Jeffrey Friedman, an obesity researcher at Rockefeller… added that people often can lose 10 pounds or so, but beyond that it becomes increasingly difficult to lose large amounts of weight and keep it off.

‘In trying to lose weight, the obese are fighting a difficult battle. It is a battle against biology, a battle that only the intrepid take on and one in which only a few prevail.’”

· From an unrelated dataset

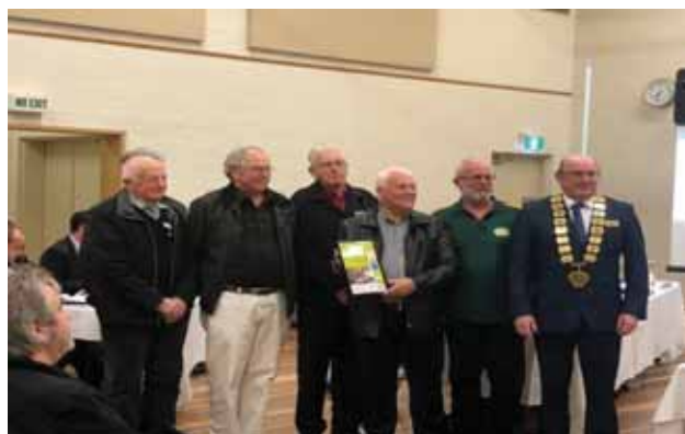
The Peninsula North Men's Shed wins the "Promotion of Intergenerational Opportunities" award from the Honourable Mayor of Mornington Peninsula Shire Councillor, Bryan Payne

The Peninsula North Men's Shed works on inter-generational projects with students like constructing a mural wall and viewing deck at the Yamarrala Wetlands with Somerville VCAL students; building a mobile chicken coop; and working on various projects with home-schooled students.

- Gina Kolata, Rethinking Thin, pg. 124-25.

QOTD

The QOTD, on the cause of overweight:

“[T]here are two possibilities that could explain why the children of fat parents are fat: it could be that the children inherit a genetic tendency to be fat, or it could be that the parents encouraged bad eating habits and an abhorrence of exercise… [To explore this question,] Stunkard wanted to study adoptees- a classic method of deciding the relative contributions of genes and environment to human trains… The study included 540 adults whose average age was forty. They had been adopted when they were very young – 55 percent had been adopted in the first month of life, and 90 percent were adopted in the first year of life – and reared apart from their biological parents… The results, published in 1986, were unequivocal. The adoptees were of the same fatness as their biological parents, and their fatness had no relation to how fat their adoptive parents were… It did not matter what the children’s adoptive parents fed them; it did not matter whether they set a good or a bad example with their diets and exercise habits. The fatness or thinness of children when they grew up had nothing to do with their adoptive parents. It had everything to do with the fatness or thinness of their biological parents, even though the children may have had no contact with their biological parents and may not even have known them…

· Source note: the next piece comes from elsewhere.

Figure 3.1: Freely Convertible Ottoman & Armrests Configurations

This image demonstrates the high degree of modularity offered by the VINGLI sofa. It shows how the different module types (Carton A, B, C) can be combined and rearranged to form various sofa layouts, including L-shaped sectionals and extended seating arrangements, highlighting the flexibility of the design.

A few years later, Stunkard conducted another study, using another classic method of geneticists – investigating twins… In a paper published in 1990 in the New England Journal of Medicine, Stunkard and his colleagues reported that the identical twins had nearly identical body mass indexes, whether they had been reared apart or together… The researchers conclude in their paper that 70 percent of the variation in people’s weights may be accounted for by inheritance, which means that a tendency toward a certain weight is more strongly inherited than nearly any other tendency, including those that favor the development of mental illness, breast cancer, or heart disease…

The results do not mean that people are completely helpless to control their weight… But they do mean that those who tend to be fat will have to constantly battle their genetic inheritance if they want to reach and maintain a lower weight.”

- Gina Kolata, Rethinking Thin, pg. 121-24.